The GENESIS 10S VIS UV/VIS spectrophotometer (Thermo Fisher Scientific) was employed for the quantitative determination of creatinine in fasting human urine samples using 40 mM picric acid as outlined in the Fisher Scientific procedure. The wavelength was set at 510 nm for the quantitation experiment.

Analysis by HPLC

The HPLC system (Shimadzu Corp., Columbia, MD) consisted of a low-pressure gradient pump (LC-20AT) with on-line degasser (DGU-20A5), autosampler (SIL-20AC), reversed-phase column (HYPERCARB 5 μm 150 × 4.6 mm), guard column (HYPERCARB 5 μm 10 × 4 mm) attached to the column head, column oven (CTO-20A), and system controller (CBM-20Alite). In addition, a UV/VIS detector (SPD-20AV) was employed at a wavelength of 254 nm.

Water/acetonitrile solvent mixture using gradient analysis was used for HPLC analysis. Solvent A was 100% water and solvent B was 100% acetonitrile. The flow rate was 1 mL/min.

Mass spectrometry analysis

LC/MS, triple quadrupole mass spectrometry (electrospray, MS/MS multiple reaction monitoring method) were used for detection and identification of the CMdA from synthetic and urine and blood sample specimens.

The LC column was a Neptune HILIC silica, 5 μm particles, 2.1 mm × 15 cm (ES Industries, West Berlin, NJ). The sample was dissolved in 85% acetonitrile/15% water. Samples were analyzed by LC/MS using hydrophilic interaction liquid chromatography (HILIC). Separation was performed using a binary solvent gradient as Solvent A: HPLC-grade water with 0.1% formic acid, and Solvent B: HPLC-grade acetonitrile with 0.1% formic acid.

Full scan mass spectral analysis was performed on a Micromass Qtof quadrupole time-of-flight mass spectrometer (Waters Corp., Milford, MA). LC/MS/MS was performed on a Waters Quattro Premier XE triple quadrupole mass spectrometer. The ionization method was positive ion electrospray.

Statistical analysis

Table 1 ‒ Comparison among control, overweight, and obese groups using ANOVA

Data on clinical parameters for three groups used in the study were analyzed using the Statistical Analysis System (SAS, Cary, NC) software.22 The eight clinical parameters used were: body mass index (BMI), fasting blood glucose level (BGL), glycated hemoglobinA1c (HbA1c), total cholesterol (TC), triglycerides (TG), high-density lipoprotein cholesterol (HDL-c), low-density lipoprotein cholesterol (LDL-c), and very low-density lipoprotein cholesterol (VLDL-c).

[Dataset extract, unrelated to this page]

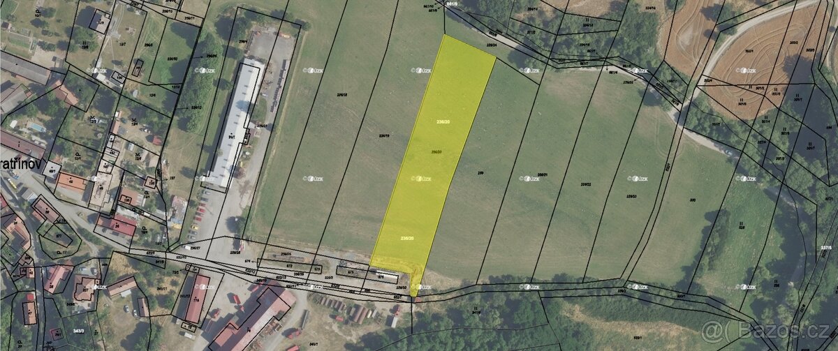 Pozemky patří pod LV: 409, parcelní číslo: 236/20, 352/1, 343/2, 343/1, 343/3.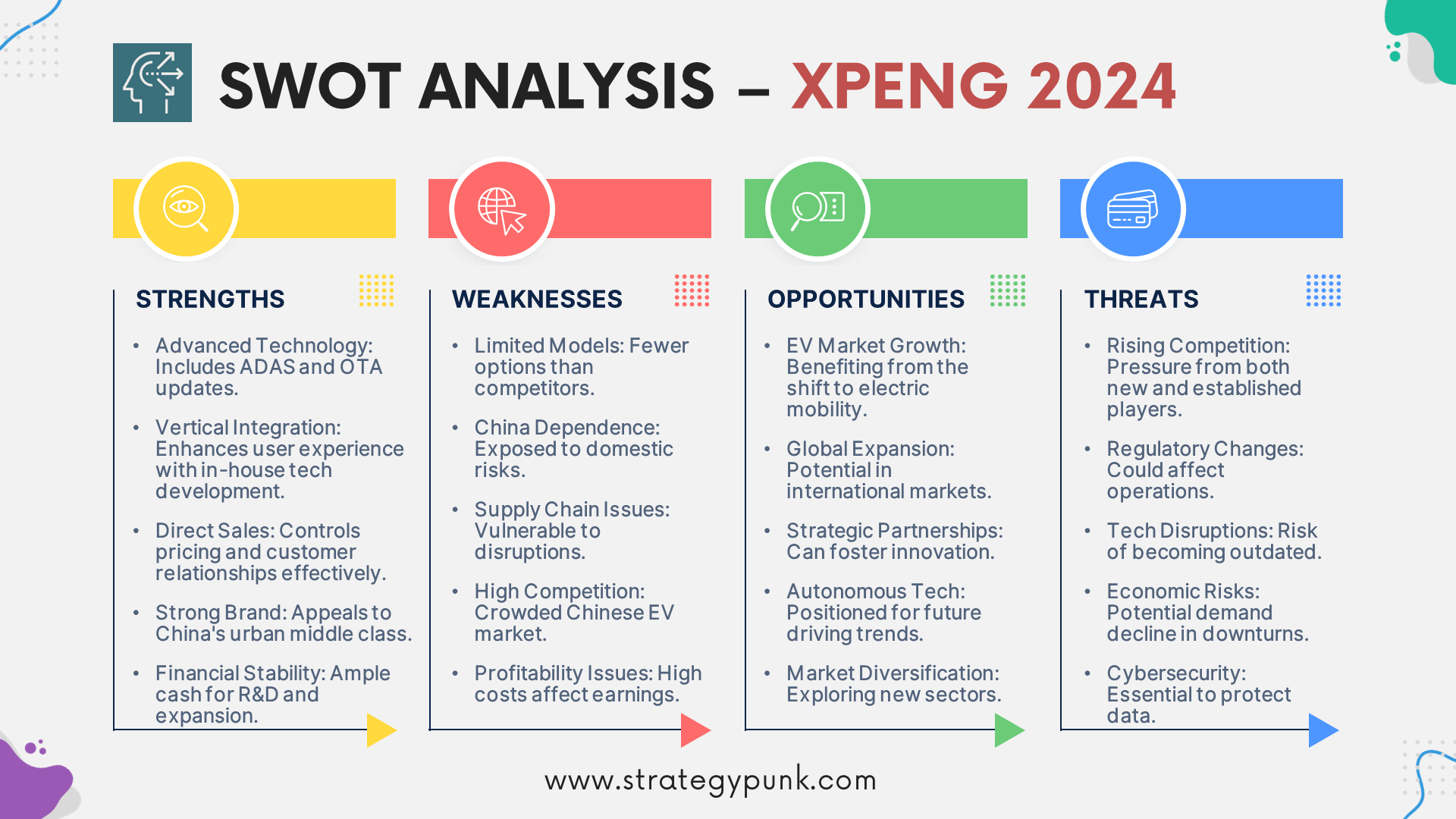 To better understand Xpeng's position and prospects, let's dive into a comprehensive SWOT (Strengths, Weaknesses, Opportunities, Threats) analysis for 2024.

The subjects were divided into three groups: control, overweight, and obese. Descriptive statistical analyses were performed on all these clinical parameters to obtain descriptive statistics such as mean, median, and standard deviation (SD) as well as minimum and maximum values for all three groups.

The General Linear Model (GLM) test was used to perform ANOVA to compare each clinical parameter among three groups followed by the Tukey’s test to compare each pair of groups. Results were tested at .05, .01, and .001 levels of significance. The results are shown in Tables 1 and 2 using mean ± SD and symbols *, †, and ‼ to indicate significant differences between different groups and at different levels of significance.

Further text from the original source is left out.